I love having breakfast for dinner and this Hashbrown Quiche is one recipe I make quite often. It comes from The Essential Mormon Cookbook by Julie Badger Jensen. This book has a lot of down home type recipes.
Now, the way this turns out all depends on the type of hash browns you can find at your grocery store. There is a uncooked shredded hash brown that you can find in box. I have been having a hard time finding these lately. When I can find them I have seen them in the Western Family brand (has 8 in a box) or the Ore-Ida brand (has 9 in a box). However, all I have been able to see at the store recently is those seasoned hash brown patties that already have a brown color to them. They look like the hash brown patties that you get at McDonald’s.
I prefer the uncooked shredded patties. They allow the egg mixture to seep into them so you get the egg and hash browns intermingled with each other. The McDonald type hash browns don’t allow the egg to mix with them and remain at the bottom like a tender potato crust.

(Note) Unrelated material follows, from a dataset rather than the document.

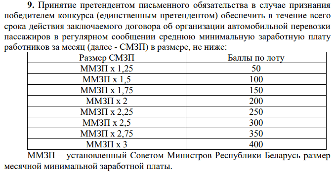 В настоящее время Витебским областным коммунальным транспортным унитарным предприятием «Оператор перевозок» проводится конкурс на право выполнения автомобильных перевозок пассажиров в регулярном сообщении в г.Полоцке и Полоцком районе. Полоцкий районный исполнительный комитет, который является заказчиком перевозок, согласовал критерии оценки конкурсных предложений участников, содержащие критерий, не относящийся к процессу выполнения автомобильных перевозок, что противоречит нормам пункта 2 статьи 23 Закона № 94-З.

Either way it tastes delightful. I have also made this with both cream and skim milk. The cream definitely gives you that rich quiche flavor. It is still good with milk, just not as rich. You can even do half cream and half milk. I usually just go with the skim milk for less calories.
- 8 shredded frozen hash brown patties
- ½ cup butter, melted (if using the patties that are more like what you find at McDonalds, you can reduce this to ¼ cup butter)
- 1 cup cubed precooked ham
- 1 cup shredded cheddar cheese
- 1 cup shredded Swiss cheese
- 8 eggs
- 2 cups milk or cream
- ½ teaspoon salt
- Place hash brown patties in a greased 9x13 inch pan. Pour melted butter evenly over the surface of potato patties. Bake at 350 for 20 minutes. Remove from oven. (at this point I us a fork and press the potatoes so that there at no gaps and the potatoes cover the bottom of the pan completely)
- Sprinkle potatoes with ham and cheese. In a large bowl beat eggs. Add milk or cream and salt. Pour mixture over cheeses and ham. Bake at 350 for about 30 minutes ( I think it’s about 40 in my oven, just until a knife comes out clean) Serves 8.